> [Dataset section]
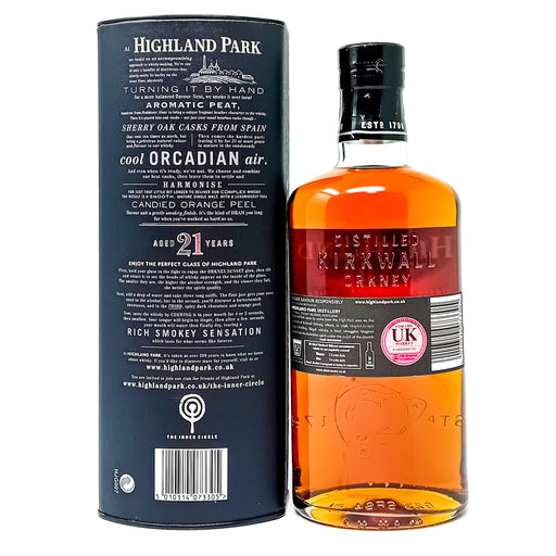 View full detailsHighland Park 21 Year Old Pre-2017 Single Malt Scotch Whisky. Crafted in Orkney and matured in predominantly American oak casks seasoned with sherr...
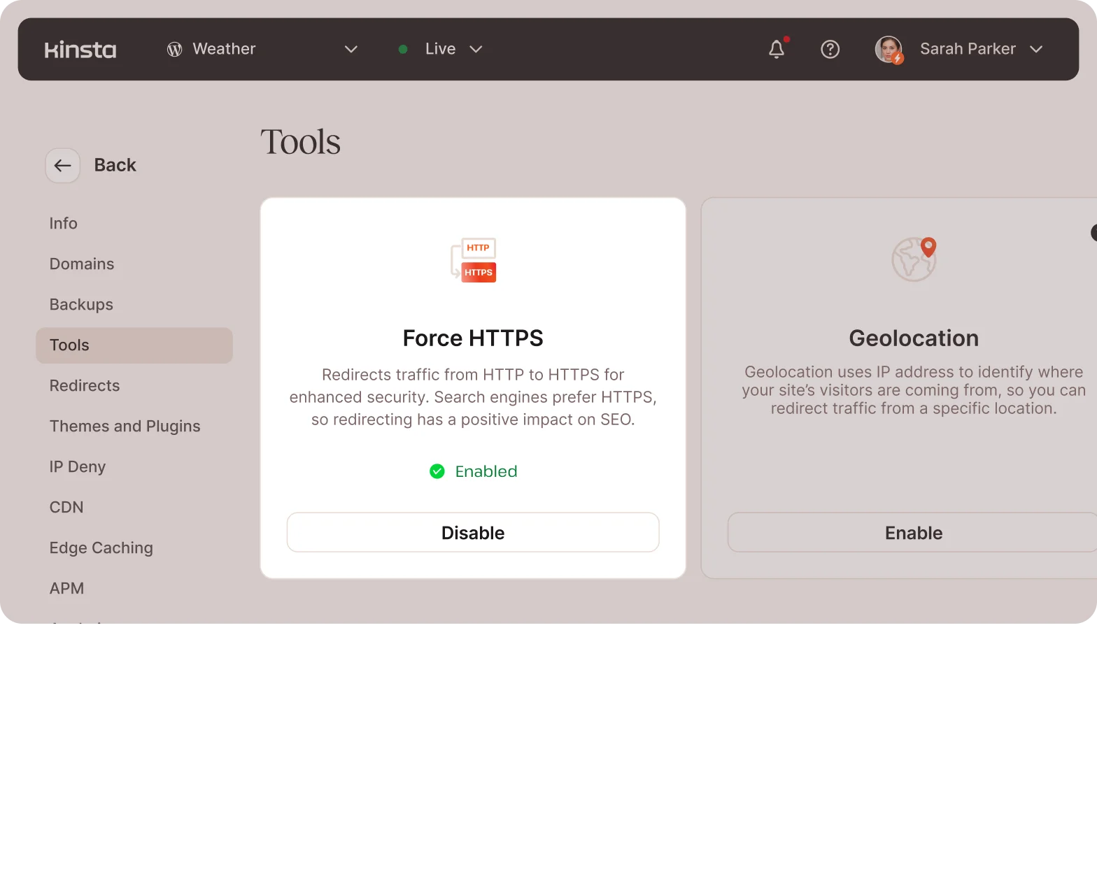 MyKinsta is the control center for your network. Track traffic, generate SSL certificates, configure speed and security settings, and more. Get all the tools you need in one place.
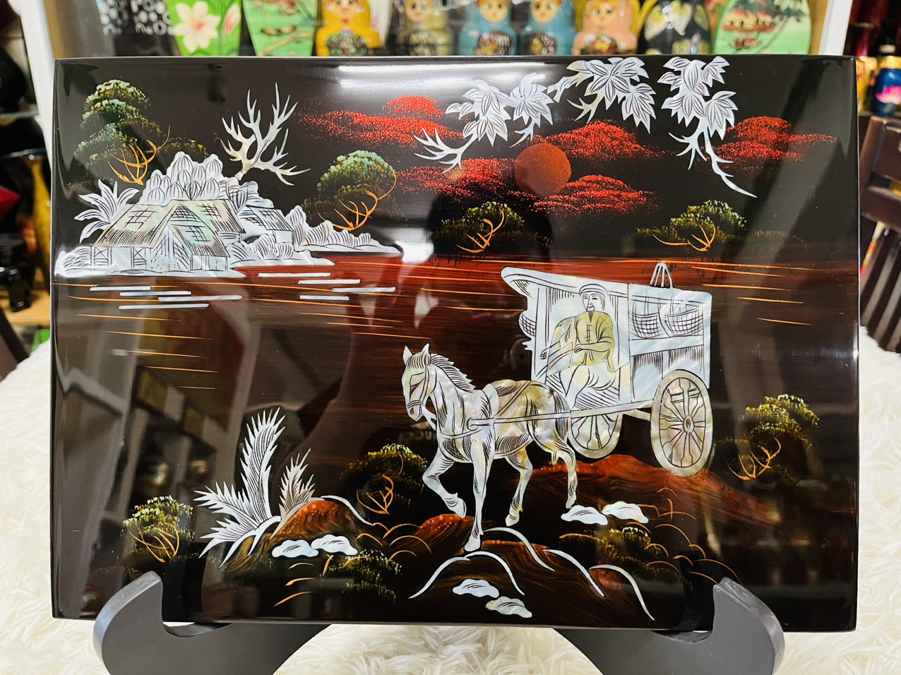 Kích thước 40x60cm Chất Liệu gỗ MDF phủ Melamin có độ bền cao Tranh sơn mài cẩn ốc là tranh nghệ thuật thủ công truyền thống của Việt Nam khác biệt hẳn so với các

> [Task instructions]
Output an exact copy of the material, with the pictures removed.

> [Your solution]
 View full detailsHighland Park 21 Year Old Pre-2017 Single Malt Scotch Whisky. Crafted in Orkney and matured in predominantly American oak casks seasoned with sherr...
 MyKinsta is the control center for your network. Track traffic, generate SSL certificates, configure speed and security settings, and more. Get all the tools you need in one place.
 Kích thước 40x60cm Chất Liệu gỗ MDF phủ Melamin có độ bền cao Tranh sơn mài cẩn ốc là tranh nghệ thuật thủ công truyền thống của Việt Nam khác biệt hẳn so với các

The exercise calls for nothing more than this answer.